▶ [Task requirements] Omit every picture and return the rest of the data unaltered.

▶ [Records drawn from a dataset]
__________

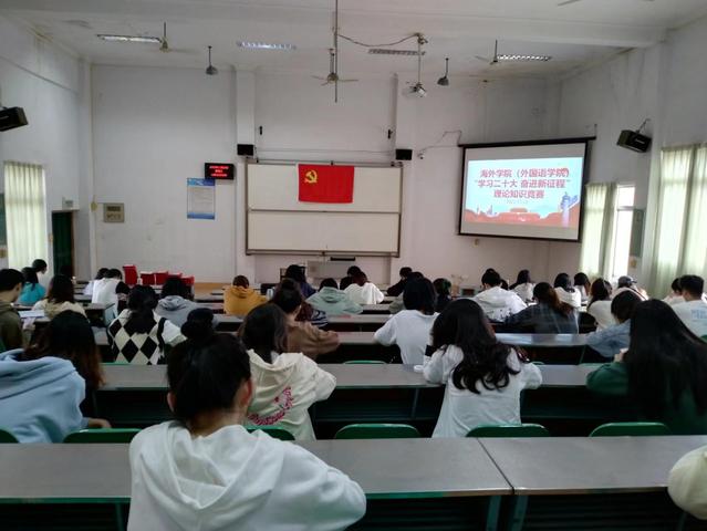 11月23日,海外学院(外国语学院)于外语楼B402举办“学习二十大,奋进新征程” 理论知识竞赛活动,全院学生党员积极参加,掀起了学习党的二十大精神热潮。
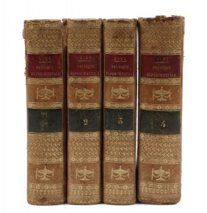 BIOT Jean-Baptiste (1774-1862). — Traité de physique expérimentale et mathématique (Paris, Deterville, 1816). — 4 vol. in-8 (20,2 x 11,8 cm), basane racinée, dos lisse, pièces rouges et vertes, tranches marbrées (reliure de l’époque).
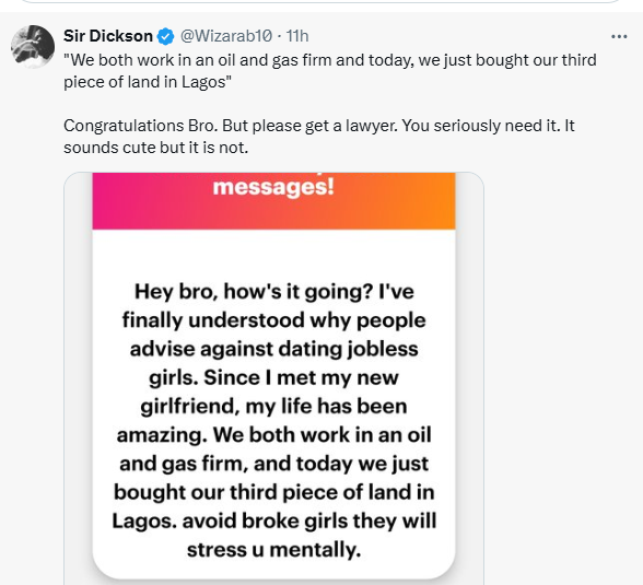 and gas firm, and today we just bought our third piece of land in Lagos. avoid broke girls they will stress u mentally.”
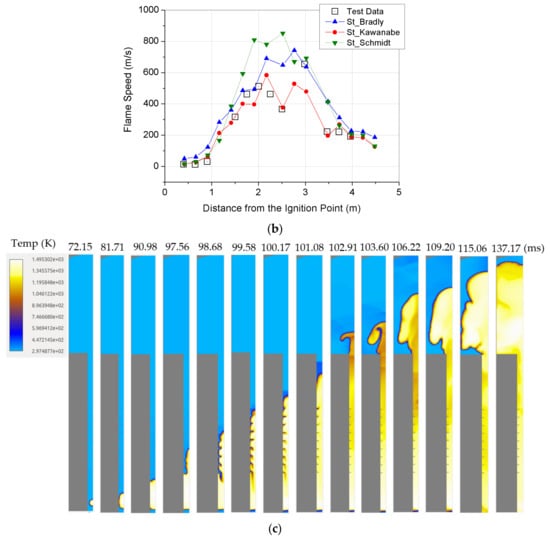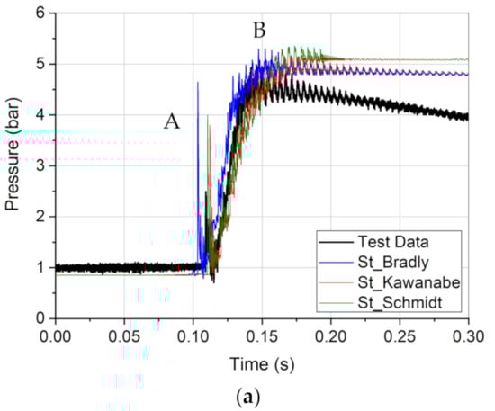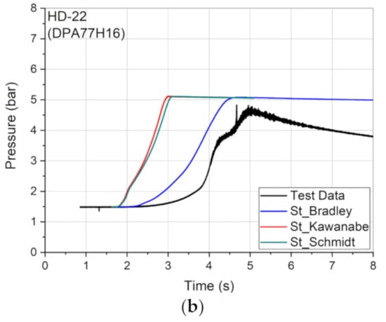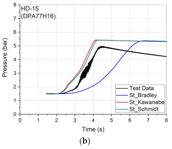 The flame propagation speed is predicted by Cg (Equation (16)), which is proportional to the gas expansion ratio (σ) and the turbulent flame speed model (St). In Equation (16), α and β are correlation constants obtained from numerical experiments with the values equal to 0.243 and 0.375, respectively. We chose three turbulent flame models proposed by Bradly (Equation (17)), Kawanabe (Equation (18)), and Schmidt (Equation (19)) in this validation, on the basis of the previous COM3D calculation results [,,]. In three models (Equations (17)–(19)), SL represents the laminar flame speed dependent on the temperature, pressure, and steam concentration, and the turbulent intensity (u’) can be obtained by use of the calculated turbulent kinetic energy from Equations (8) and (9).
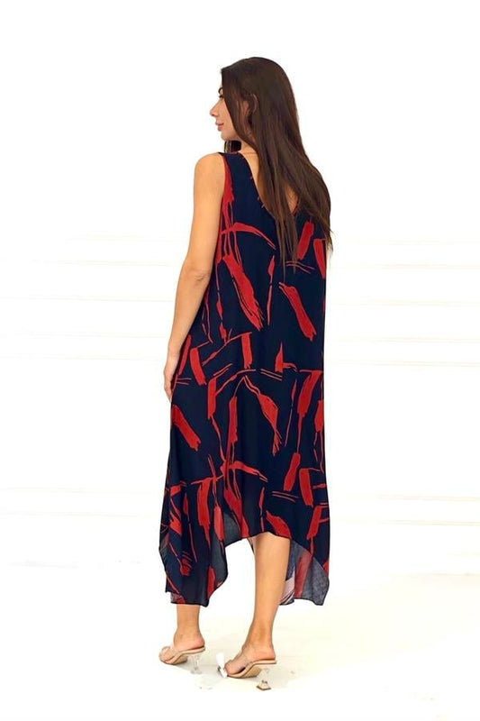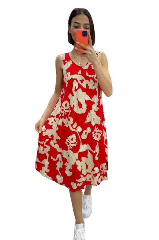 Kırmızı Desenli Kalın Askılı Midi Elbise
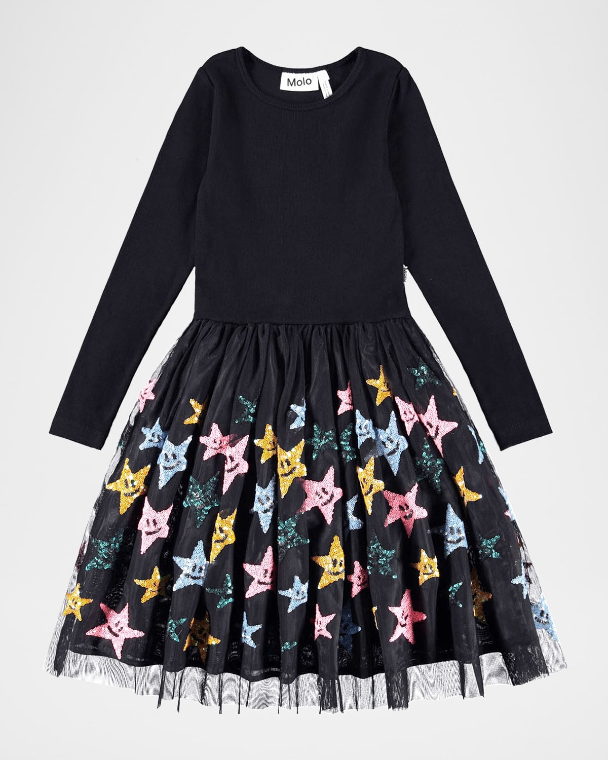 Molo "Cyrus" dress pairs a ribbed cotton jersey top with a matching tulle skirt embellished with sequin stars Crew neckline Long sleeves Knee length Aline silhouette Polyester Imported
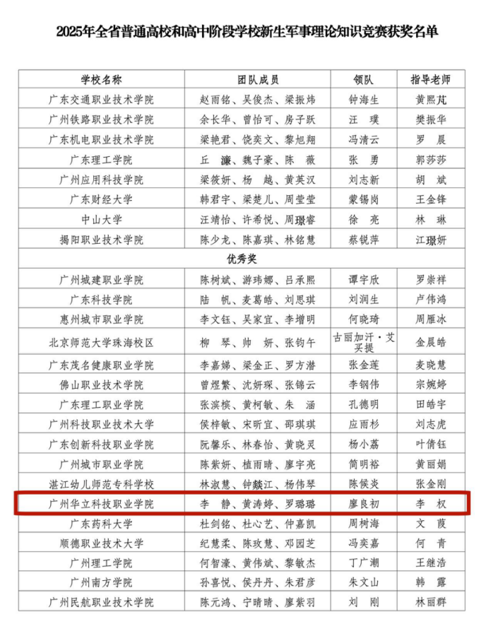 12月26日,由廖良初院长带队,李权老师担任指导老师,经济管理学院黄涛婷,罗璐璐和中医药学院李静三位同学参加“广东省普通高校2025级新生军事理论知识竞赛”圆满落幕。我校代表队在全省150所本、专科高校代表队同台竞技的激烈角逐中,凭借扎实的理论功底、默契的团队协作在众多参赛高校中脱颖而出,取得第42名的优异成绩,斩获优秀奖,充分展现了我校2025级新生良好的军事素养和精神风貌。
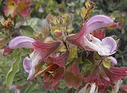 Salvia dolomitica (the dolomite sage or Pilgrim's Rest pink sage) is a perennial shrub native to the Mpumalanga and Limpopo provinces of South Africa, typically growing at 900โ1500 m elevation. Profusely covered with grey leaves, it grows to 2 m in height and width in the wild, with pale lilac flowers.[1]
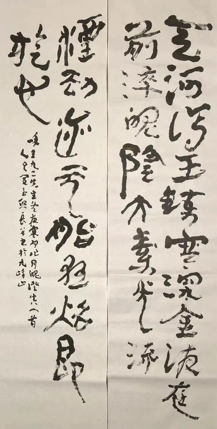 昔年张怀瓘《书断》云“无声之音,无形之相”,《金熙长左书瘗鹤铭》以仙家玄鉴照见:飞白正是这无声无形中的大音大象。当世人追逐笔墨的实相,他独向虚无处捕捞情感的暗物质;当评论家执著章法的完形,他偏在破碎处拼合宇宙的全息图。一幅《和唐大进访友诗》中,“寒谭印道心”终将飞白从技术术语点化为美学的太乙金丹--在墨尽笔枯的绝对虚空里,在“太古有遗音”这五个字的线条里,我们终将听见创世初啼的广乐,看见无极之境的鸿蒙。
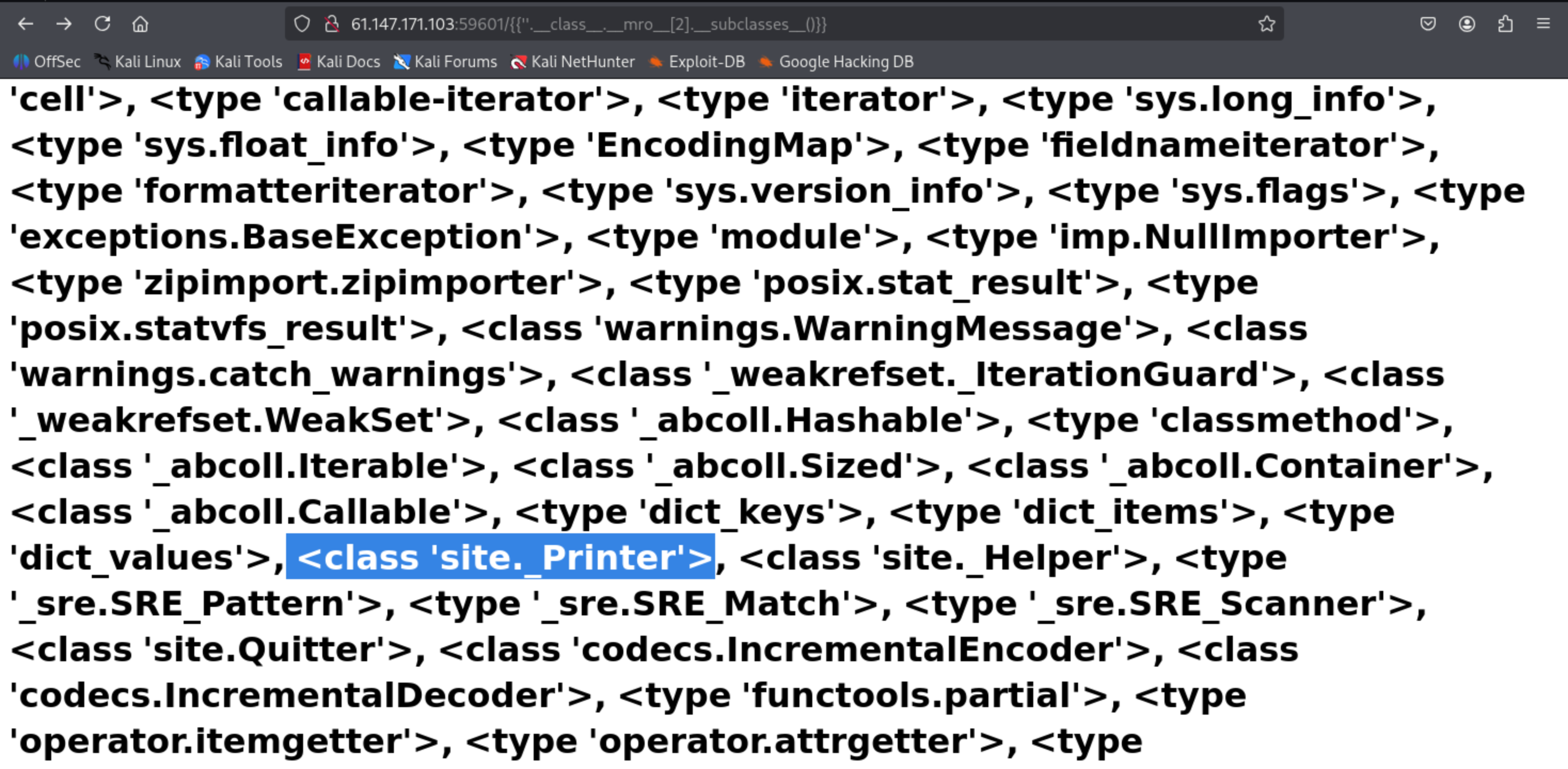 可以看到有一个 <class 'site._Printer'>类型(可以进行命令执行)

__________

▶ [Response to this task]
 11月23日,海外学院(外国语学院)于外语楼B402举办“学习二十大,奋进新征程” 理论知识竞赛活动,全院学生党员积极参加,掀起了学习党的二十大精神热潮。
 BIOT Jean-Baptiste (1774-1862). — Traité de physique expérimentale et mathématique (Paris, Deterville, 1816). — 4 vol. in-8 (20,2 x 11,8 cm), basane racinée, dos lisse, pièces rouges et vertes, tranches marbrées (reliure de l’époque).
 and gas firm, and today we just bought our third piece of land in Lagos. avoid broke girls they will stress u mentally.”
 The flame propagation speed is predicted by Cg (Equation (16)), which is proportional to the gas expansion ratio (σ) and the turbulent flame speed model (St). In Equation (16), α and β are correlation constants obtained from numerical experiments with the values equal to 0.243 and 0.375, respectively. We chose three turbulent flame models proposed by Bradly (Equation (17)), Kawanabe (Equation (18)), and Schmidt (Equation (19)) in this validation, on the basis of the previous COM3D calculation results [,,]. In three models (Equations (17)–(19)), SL represents the laminar flame speed dependent on the temperature, pressure, and steam concentration, and the turbulent intensity (u’) can be obtained by use of the calculated turbulent kinetic energy from Equations (8) and (9).
 Kırmızı Desenli Kalın Askılı Midi Elbise
 Molo "Cyrus" dress pairs a ribbed cotton jersey top with a matching tulle skirt embellished with sequin stars Crew neckline Long sleeves Knee length Aline silhouette Polyester Imported
 12月26日,由廖良初院长带队,李权老师担任指导老师,经济管理学院黄涛婷,罗璐璐和中医药学院李静三位同学参加“广东省普通高校2025级新生军事理论知识竞赛”圆满落幕。我校代表队在全省150所本、专科高校代表队同台竞技的激烈角逐中,凭借扎实的理论功底、默契的团队协作在众多参赛高校中脱颖而出,取得第42名的优异成绩,斩获优秀奖,充分展现了我校2025级新生良好的军事素养和精神风貌。
 Salvia dolomitica (the dolomite sage or Pilgrim's Rest pink sage) is a perennial shrub native to the Mpumalanga and Limpopo provinces of South Africa, typically growing at 900โ1500 m elevation. Profusely covered with grey leaves, it grows to 2 m in height and width in the wild, with pale lilac flowers.[1]
 昔年张怀瓘《书断》云“无声之音,无形之相”,《金熙长左书瘗鹤铭》以仙家玄鉴照见:飞白正是这无声无形中的大音大象。当世人追逐笔墨的实相,他独向虚无处捕捞情感的暗物质;当评论家执著章法的完形,他偏在破碎处拼合宇宙的全息图。一幅《和唐大进访友诗》中,“寒谭印道心”终将飞白从技术术语点化为美学的太乙金丹--在墨尽笔枯的绝对虚空里,在“太古有遗音”这五个字的线条里,我们终将听见创世初啼的广乐,看见无极之境的鸿蒙。
 可以看到有一个 <class 'site._Printer'>类型(可以进行命令执行)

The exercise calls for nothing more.